Well, today, we had a lockdown drill. Everyone was quietly sitting under their desks, a few whipsering when all of a sudden there is this huge BANG at our classroom door. Like 4 girls scream and there is a lot of noise as the handle on the door jiggles. The door opens and by this time I'm freaking out wondering who the hell is opening the door.

Well it turns out to be a cop, who busts into the room, picks this kid out of the front row from under his desk, throws him on the ground and handcuffs him. All while this kid is struggling to get free with this big guy on top of him. The cop picks the kid up and leads him out of the room.

So people start to stand up and everyone has this absolutley dumbfounded look on thier face. We all sit back down at our tables, and I lean over to the guy next to me and say "What the hell was that all about?" he shakes his head and I look around, but everyone else is just kind of in a daze.

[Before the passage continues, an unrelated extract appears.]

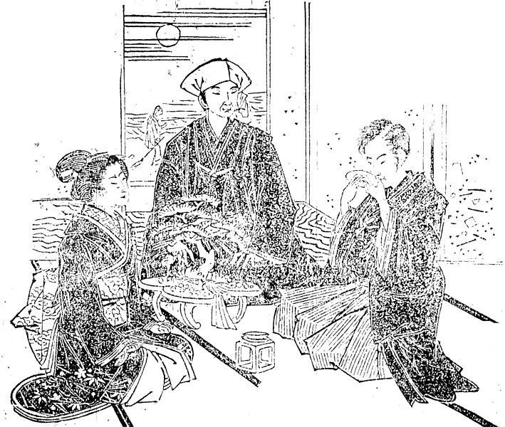 | 説明 | 旧士族の両親亡き後、養育してくれた叔父一家の貧しさを見かねて、大阪松島の廓に身を売った女。数年後、商売に成功した叔父の手で苦界から救い出され、生国の安藝に帰って似合いの聟も迎え、いま三三九度の杯事。その情景描写にリアリティーはないだろうが、床のめでたい翁の掛軸を背にしているのは叔父、被っているのは焙烙頭巾風の被りもの。花婿は紋附羽織袴で髪は七三分け。嫁は丸髷を結っている。花嫁は高島田であるのがふつうだが、少し年のいった嫁は丸髷のこともあった。裾模様のきものの、前褄の裏を返して座るのは武家風。褄投出しともいう。(大丸 弘) |
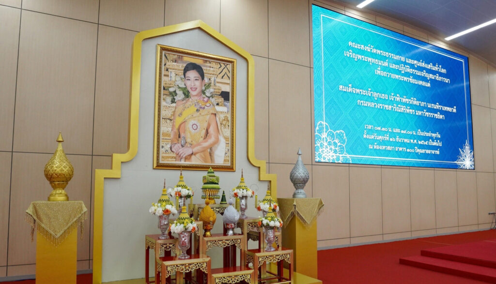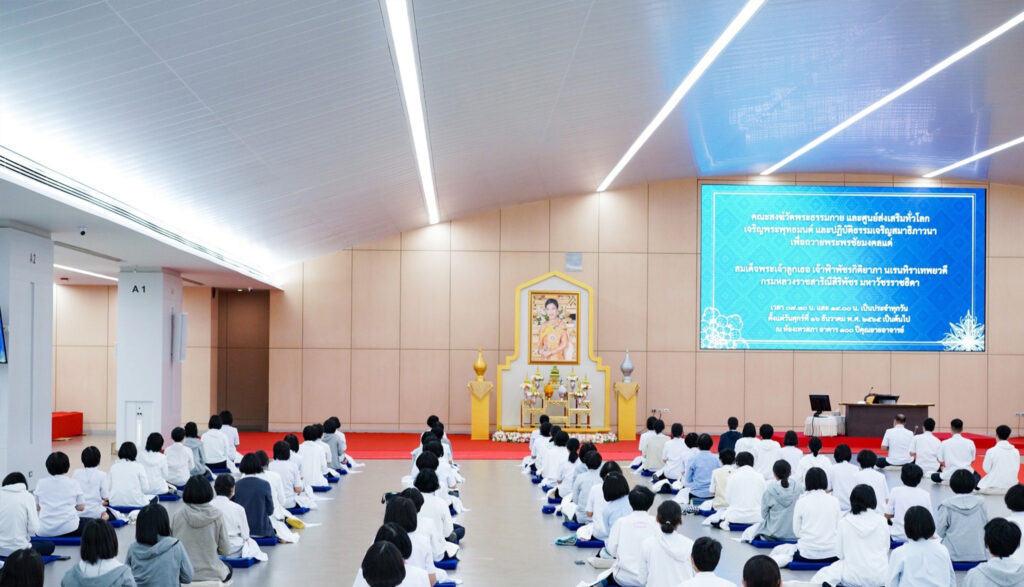 วันที่ 17 ธันวาคม 2565 พระครูสมุห์สนิทวงศ์ วุฑฺฒิวํโส ผู้อำนวยการสำนักสื่อสารองค์กร วัดพระธรรมกาย จังหวัดปทุมธานี กล่าวว่า วัดพระธรรมกาย โดยคณะสงฆ์ อุบาสก และอุบาสิกา ได้จัดพิธีเจริญพระพุทธมนต์ และปฏิบัติธรรมเจริญสมาธิภาวนา ตั้งแต่วันที่ 16 ธันวาคมที่ผ่านมา เพื่อถวายพระพรชัยมงคลแด่ สมเด็จพระเจ้าลูกเธอ เจ้าฟ้าพัชรกิติยาภา นเรนทิราเทพยวดี กรมหลวงราชสาริณีสิริพัชร มหาวัชรราชธิดา ณ ห้องเทวสภา อาคาร 100 ปี คุณยายอาจารย์มหารัตนอุบาสิกาจันทร์ ขนนกยูง วัดพระธรรมกาย จังหวัดปทุมธานี โดยจัดเป็นประจำทุกวันๆละ 2 เวลาคือ 07.30 น. และ 19.00 น.

About 10 minutes pass and the teacher goes on with the lesson before the intercom beeps and a voice says:

"Thank you for cooperating in our drill. Some of you may have experienced a real lockdown. The students taken away voulenteered to take part in this, they are returning to class right now. Enjoy the rest of your day."

I found out later that about 10 classes had cops bust in and take a kid away.

All I can say is that was the coolest day of high school I've ever been to.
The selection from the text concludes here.